▸ **THE DATA**:
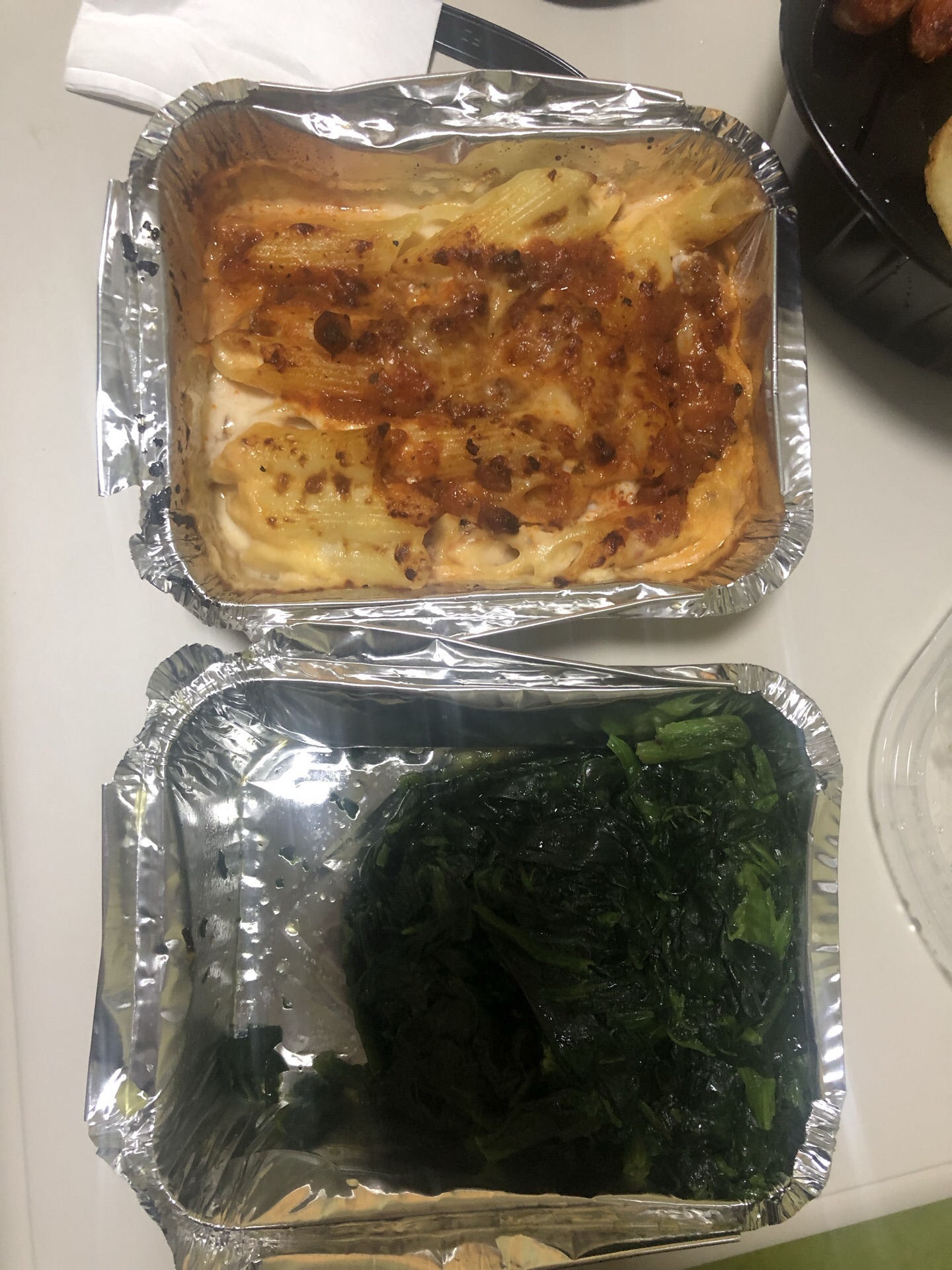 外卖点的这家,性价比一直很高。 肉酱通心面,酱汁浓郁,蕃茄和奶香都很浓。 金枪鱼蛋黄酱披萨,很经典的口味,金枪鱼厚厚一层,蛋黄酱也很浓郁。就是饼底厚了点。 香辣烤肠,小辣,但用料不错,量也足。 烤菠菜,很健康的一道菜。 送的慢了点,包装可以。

...

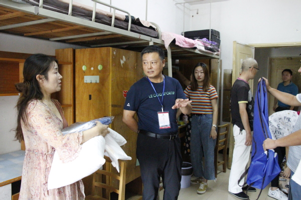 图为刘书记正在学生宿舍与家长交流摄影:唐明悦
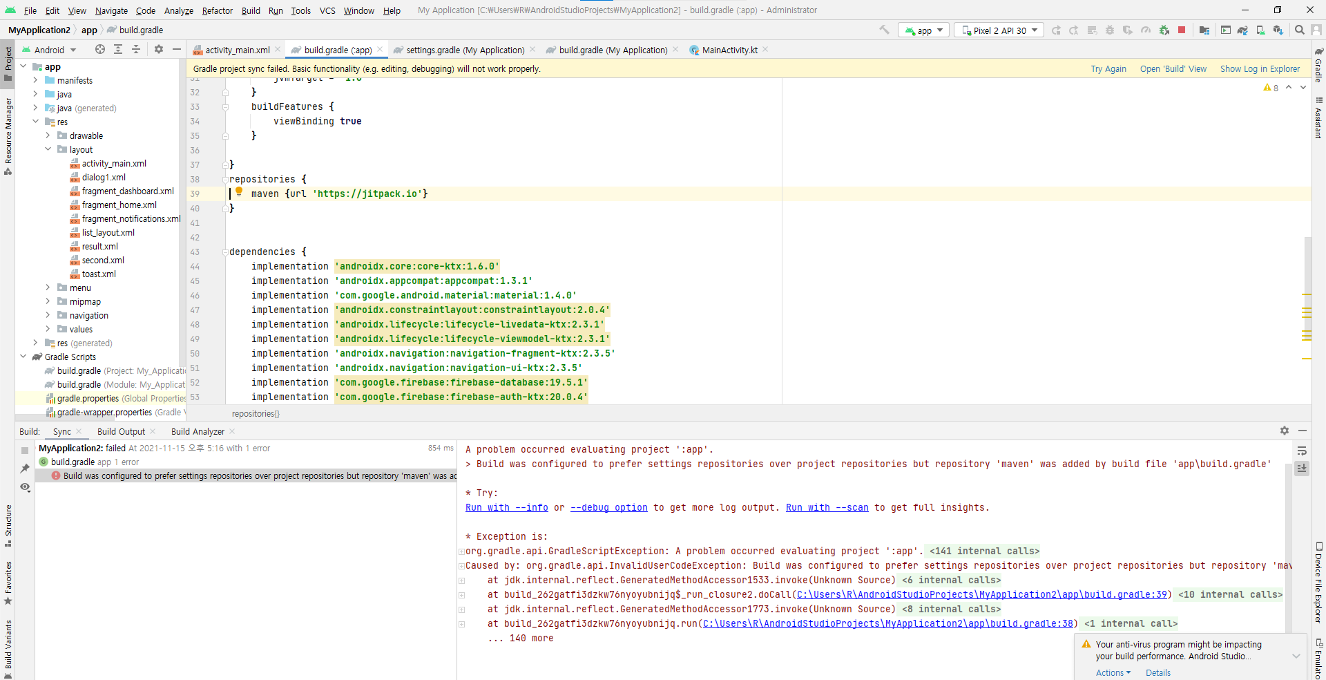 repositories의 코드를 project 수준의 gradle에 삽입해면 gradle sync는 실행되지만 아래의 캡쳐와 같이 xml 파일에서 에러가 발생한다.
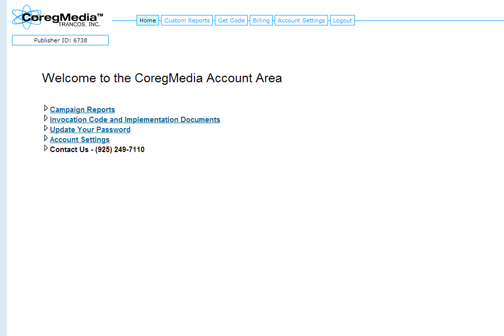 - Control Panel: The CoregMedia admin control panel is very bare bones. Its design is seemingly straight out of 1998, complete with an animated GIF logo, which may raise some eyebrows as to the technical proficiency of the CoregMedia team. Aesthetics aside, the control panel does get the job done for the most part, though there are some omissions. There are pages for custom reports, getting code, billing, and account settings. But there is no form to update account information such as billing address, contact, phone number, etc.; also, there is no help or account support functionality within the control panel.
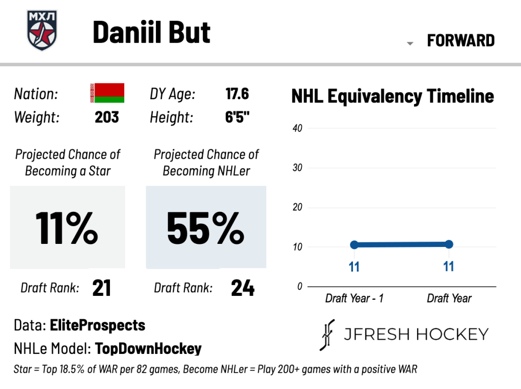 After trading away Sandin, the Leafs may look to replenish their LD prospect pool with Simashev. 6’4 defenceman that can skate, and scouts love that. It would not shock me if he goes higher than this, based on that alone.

▸ **WHAT TO WORK ON**:
Return only the stretch above from the line containing "图为刘书记正在学生宿舍与家长交流摄影:唐明悦" through the line containing "After trading away", word for word and without pictures.

▸ **RESULT FOR THIS TASK**:
 图为刘书记正在学生宿舍与家长交流摄影:唐明悦
 repositories의 코드를 project 수준의 gradle에 삽입해면 gradle sync는 실행되지만 아래의 캡쳐와 같이 xml 파일에서 에러가 발생한다.
 - Control Panel: The CoregMedia admin control panel is very bare bones. Its design is seemingly straight out of 1998, complete with an animated GIF logo, which may raise some eyebrows as to the technical proficiency of the CoregMedia team. Aesthetics aside, the control panel does get the job done for the most part, though there are some omissions. There are pages for custom reports, getting code, billing, and account settings. But there is no form to update account information such as billing address, contact, phone number, etc.; also, there is no help or account support functionality within the control panel.
 After trading away Sandin, the Leafs may look to replenish their LD prospect pool with Simashev. 6’4 defenceman that can skate, and scouts love that. It would not shock me if he goes higher than this, based on that alone.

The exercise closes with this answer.